Cigarette smoking has been known to correlate with diabetes. The present review shows that smoking has extensive effects on all stages of diabetic foot ulcerations, both the onset and healing processes (Figure 3). Smoking can exacerbate diabetic peripheral sensory, autonomic and motor neuropathy, which are important reasons for the occurrence of foot ulcerations. Microvascular alterations, such as impaired vasodilation and increased3 vasoconstriction, could also be detected in smokers, leading to tissue hypoxia and interfering with the healing process. Smoking also has negative impacts on wound healing in almost all phases through very complex mechanisms. The effects are not separate, but interact with each other. For instance, axonal degeneration and demyelination of the nerve fibers could be partly due to ischemia of the microvasculature20 caused by smoking, and in turn, autonomous nerve dysfunctions regarding several nerve reflexes could also regulate skin blood flow through opening arteriovenous shunts and blunting vasodilation, leading to hypoxia of the skin tissue53, forming a vicious cycle. All the effects of cigarette smoking together further jeopardize the already impaired capacity of diabetes patients to maintain skin integrity and repair the wound.

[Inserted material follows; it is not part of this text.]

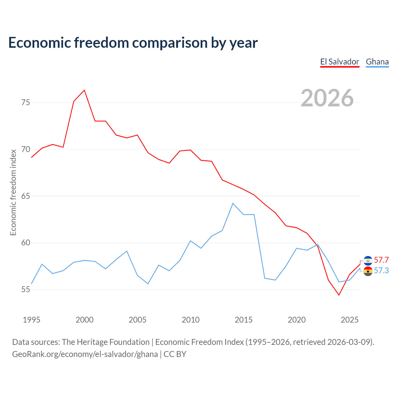 The Economic Freedom Index for El Salvador is 57.7, ranking 114/197, compared to 57.3 for Ghana, ranking 118/197. The chart above displays a comparison of annual changes in economic freedom indexes.
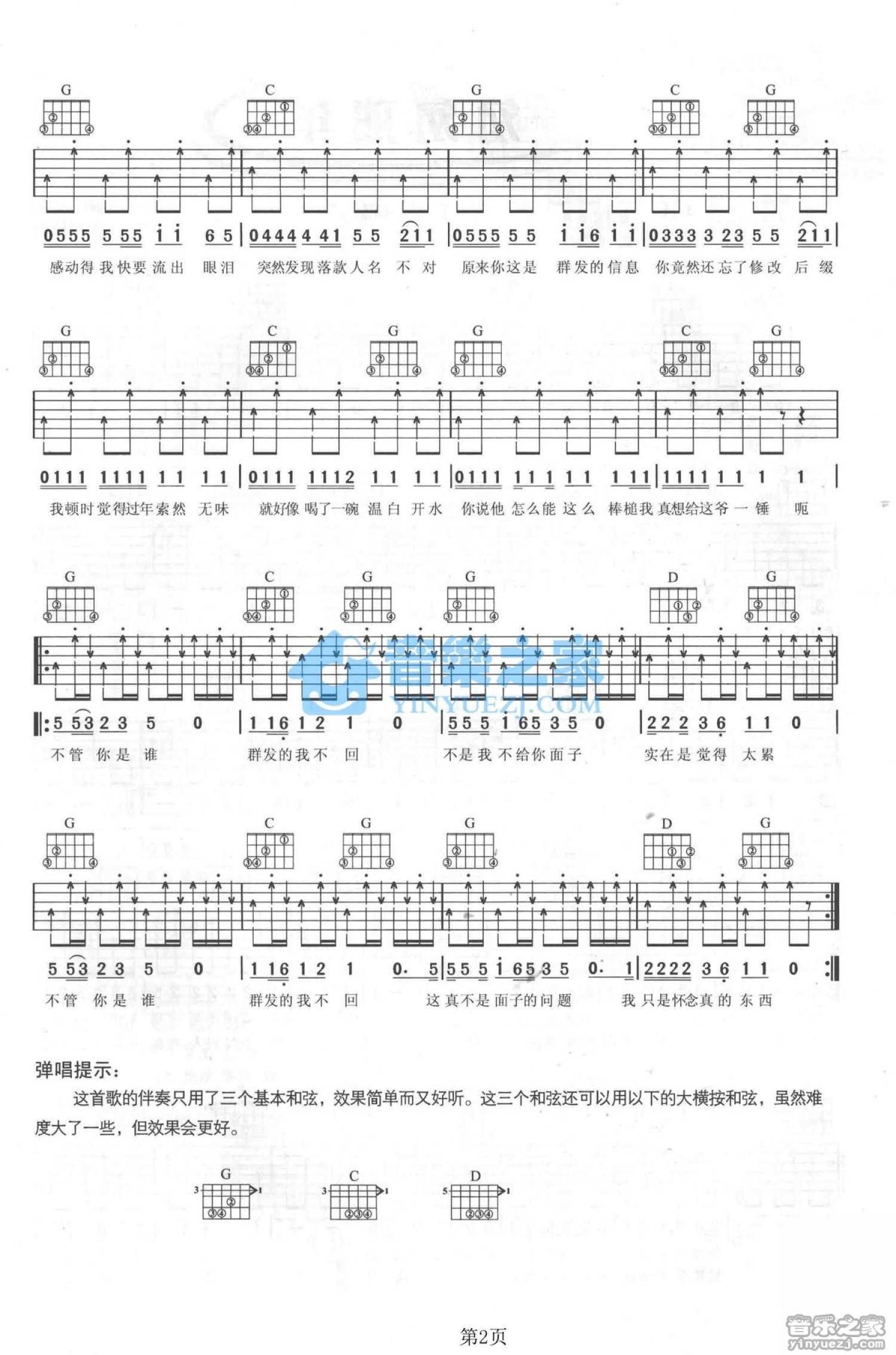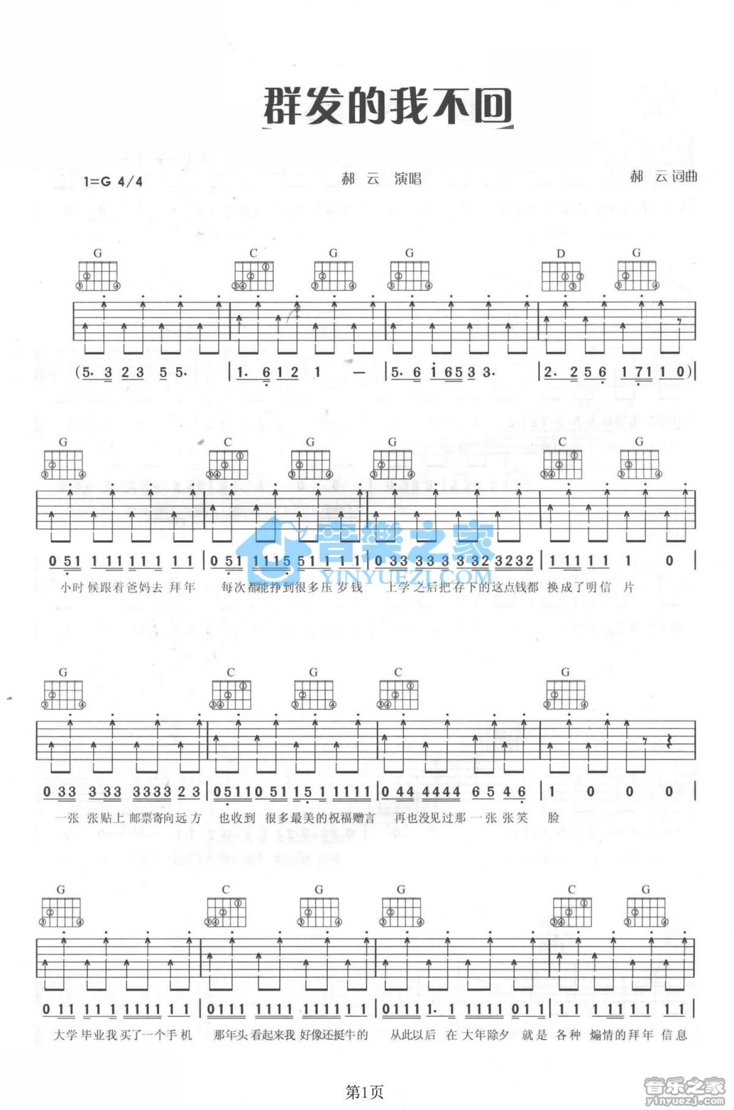 曲谱介绍: G调版郝云《群发的我不回》吉他弹唱六线谱

One of the most important mechanisms underlying these effects is the cellular oxidative stress, as cigarette smoking is known to be a source of oxidants and increases the production of ROS inside cells from almost all tissues. Although there might still be many unknown mechanisms, quitting smoking has been confirmed to be effective in reducing mortality and increasing amputation‐free survival. The current effective therapies for smoking cessation include behavioral interventions and pharmacological options, such as NRT, bupropion, varenicline or the combination use of them. In order to achieve long‐term smoking abstinence success, the therapy should be individualized according to the will of the smokers, and behavioral support should always be recommended if possible. Successful smoking cessation would make the situation of diabetic foot ulcers better and lead to a better prognosis.

Figure 3

Effects of cigarette smoking on formation of diabetic foot ulcers. The effects of smoking on the onset of chronic diabetic foot ulcers have been shown, from worsening neuropathy and vascular alterations to slowing wound healing.

Disclosure

The authors declare no conflict of interest.